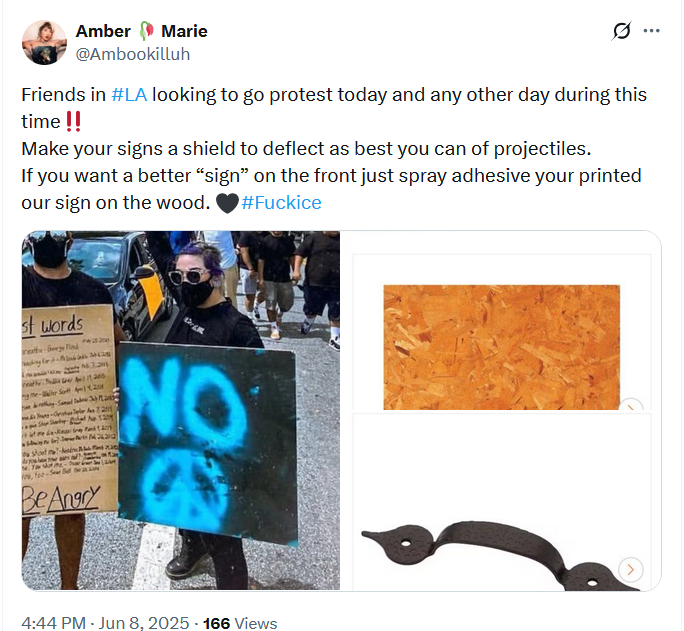 2/ First, notice the protestors have shields (pic 1) These types of shields were used by the 2024 pro-Hamas rioters (pic 2), and 2020 BLM rioters (pic 3) Each shield takes 3 hours to make, and activists spend all day making them (pic 4) That's not spontaneous, it takes planning
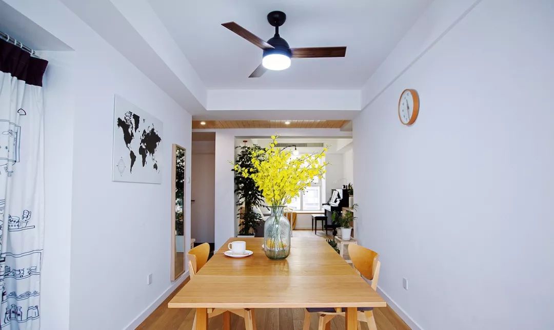 ▲ 简洁的餐桌椅,个性的吊扇灯,木质挂钟,桌上的跳舞兰尽情绽放着。
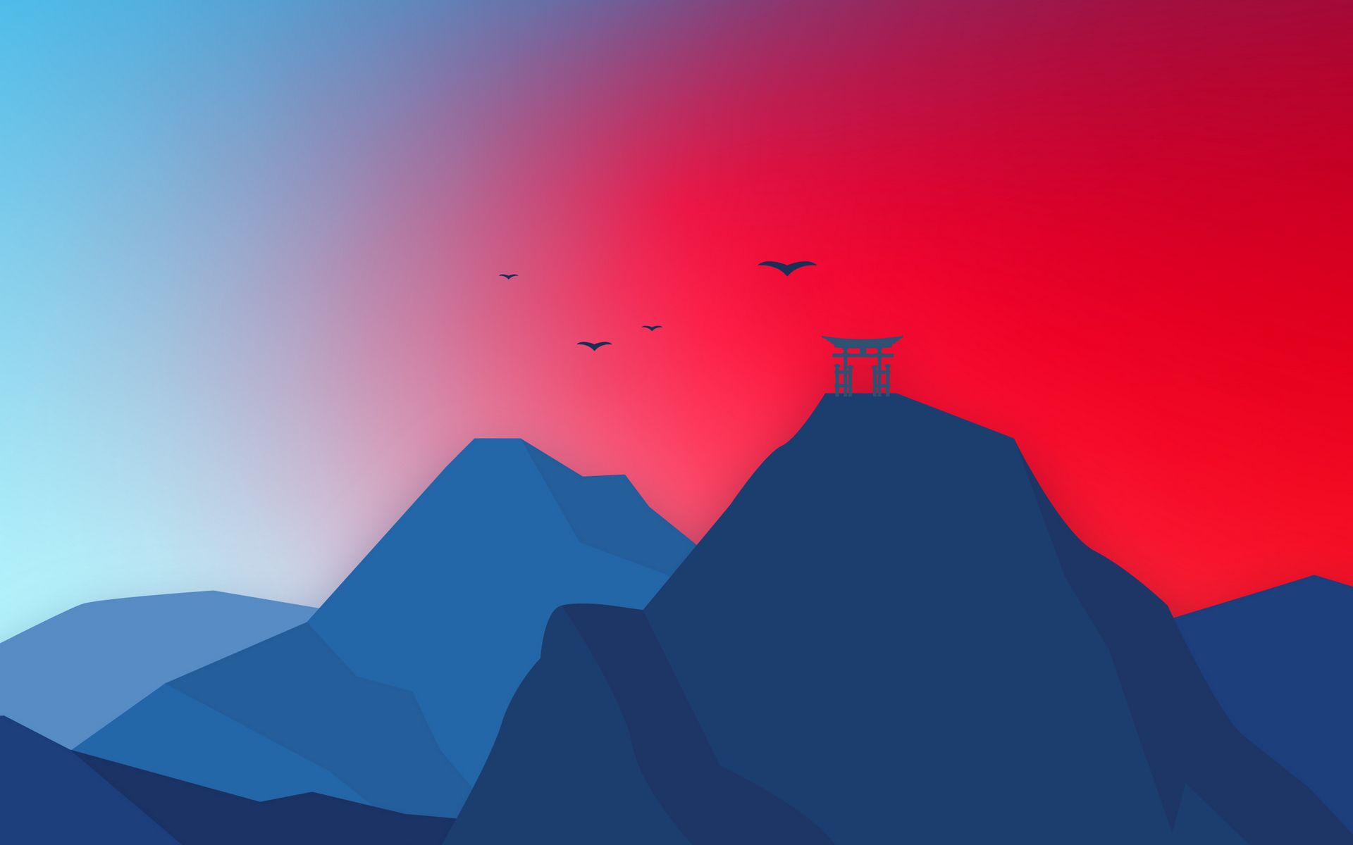 Description: A mountain with a bird flying over it and a red sky in the background with a bird flying over it.
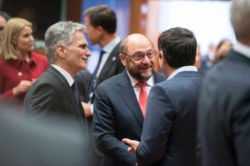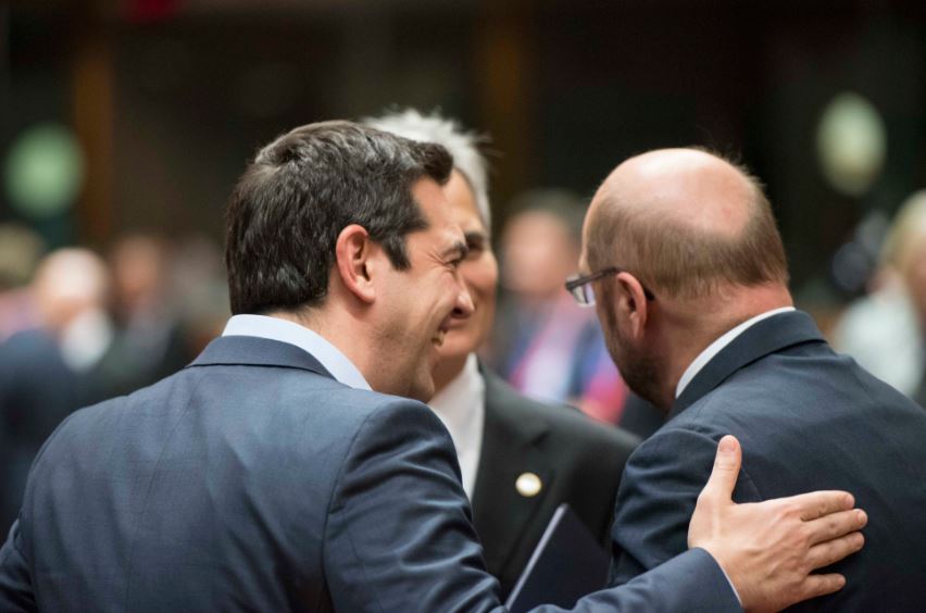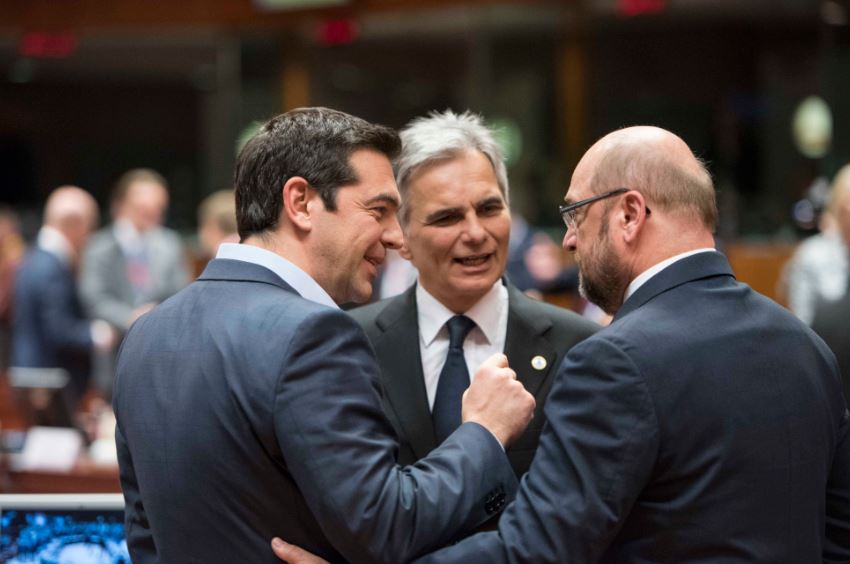 Στην έκτακτη Σύνοδο Κορυφής, που πραγματοποιείται στις Βρυξέλλες, βρίσκεται ο Έλληνας Πρωθυπουργός, Αλέξης Τσίπρας. Όπως φαίνεται και στις φωτογραφίες, ο κ. Τσίπρας, είχε την δυνατότητα να συνομιλήσει με τον Ζαν Κλοντ Γιούνκερ, τον Μάρτιν Σουλτς και τον Βέρνερ Φάιμαν, ενώ δεν έλειψαν τα χαμόγελα και τα πειράγματα.
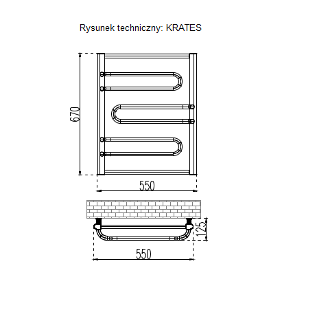 Model: Krates; Marka: Rapdach; Wysokość: 67cm; Szerokość: 54cm; Rozstaw przyłączy: 500mm; Moc cieplna: 270W; Pojemność: 2.3l; Waga: 5.6kg; Kolor: Złoty;
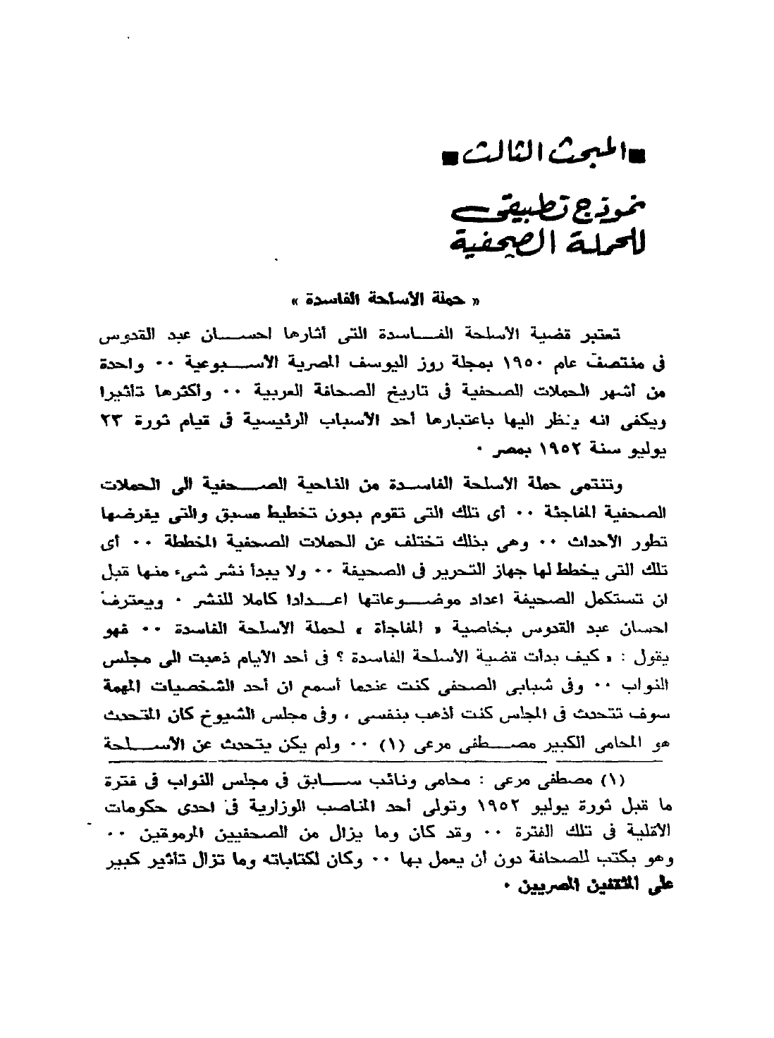1 مصطفى مرعي: محام ونائب سابق في مجلس النواب في فترة ما قبل ثورة يوليو 1952، وتولى أحد المناصب الوزارية في إحدى حكومات الأقلية في تلك الفترة.. وقد كان وما يزال من الصحفيين المرموقين.. وهو يكتب للصحافة دون أن يعمل بها.. وكان لكتاباته وما تزال تأثير كبير على المثقفين المصريين.
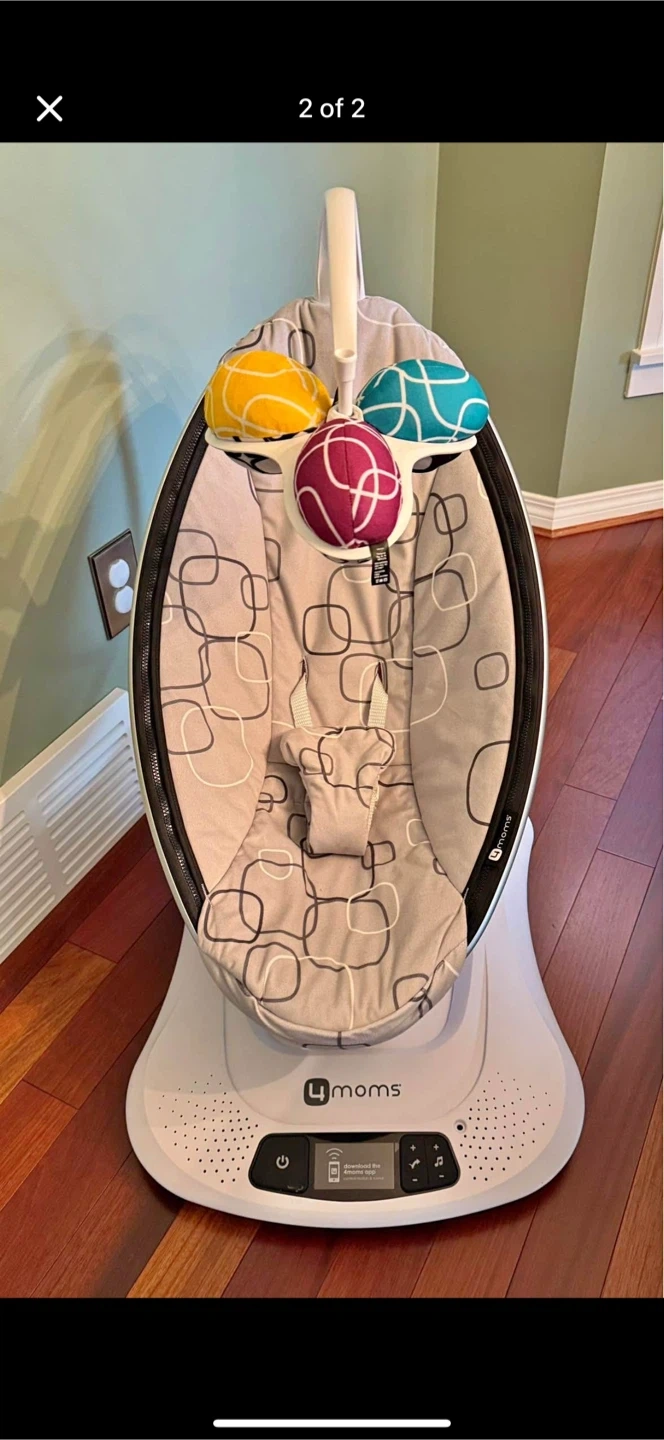 10Selling a 4moms MamaRoo baby swing. It's in great shape and ready for a new home! This swing is designed to mimic the natural motions parents use to comfort their baby. It features multiple speeds and built-in sounds to soothe your little one

AIM OF THE EXERCISE: Repeat the material above word for word and skip every image in it.

ANSWER SPACE:
 2/ First, notice the protestors have shields (pic 1) These types of shields were used by the 2024 pro-Hamas rioters (pic 2), and 2020 BLM rioters (pic 3) Each shield takes 3 hours to make, and activists spend all day making them (pic 4) That's not spontaneous, it takes planning
 ▲ 简洁的餐桌椅,个性的吊扇灯,木质挂钟,桌上的跳舞兰尽情绽放着。
 Description: A mountain with a bird flying over it and a red sky in the background with a bird flying over it.
 Στην έκτακτη Σύνοδο Κορυφής, που πραγματοποιείται στις Βρυξέλλες, βρίσκεται ο Έλληνας Πρωθυπουργός, Αλέξης Τσίπρας. Όπως φαίνεται και στις φωτογραφίες, ο κ. Τσίπρας, είχε την δυνατότητα να συνομιλήσει με τον Ζαν Κλοντ Γιούνκερ, τον Μάρτιν Σουλτς και τον Βέρνερ Φάιμαν, ενώ δεν έλειψαν τα χαμόγελα και τα πειράγματα.
 Model: Krates; Marka: Rapdach; Wysokość: 67cm; Szerokość: 54cm; Rozstaw przyłączy: 500mm; Moc cieplna: 270W; Pojemność: 2.3l; Waga: 5.6kg; Kolor: Złoty;
1 مصطفى مرعي: محام ونائب سابق في مجلس النواب في فترة ما قبل ثورة يوليو 1952، وتولى أحد المناصب الوزارية في إحدى حكومات الأقلية في تلك الفترة.. وقد كان وما يزال من الصحفيين المرموقين.. وهو يكتب للصحافة دون أن يعمل بها.. وكان لكتاباته وما تزال تأثير كبير على المثقفين المصريين.
 10Selling a 4moms MamaRoo baby swing. It's in great shape and ready for a new home! This swing is designed to mimic the natural motions parents use to comfort their baby. It features multiple speeds and built-in sounds to soothe your little one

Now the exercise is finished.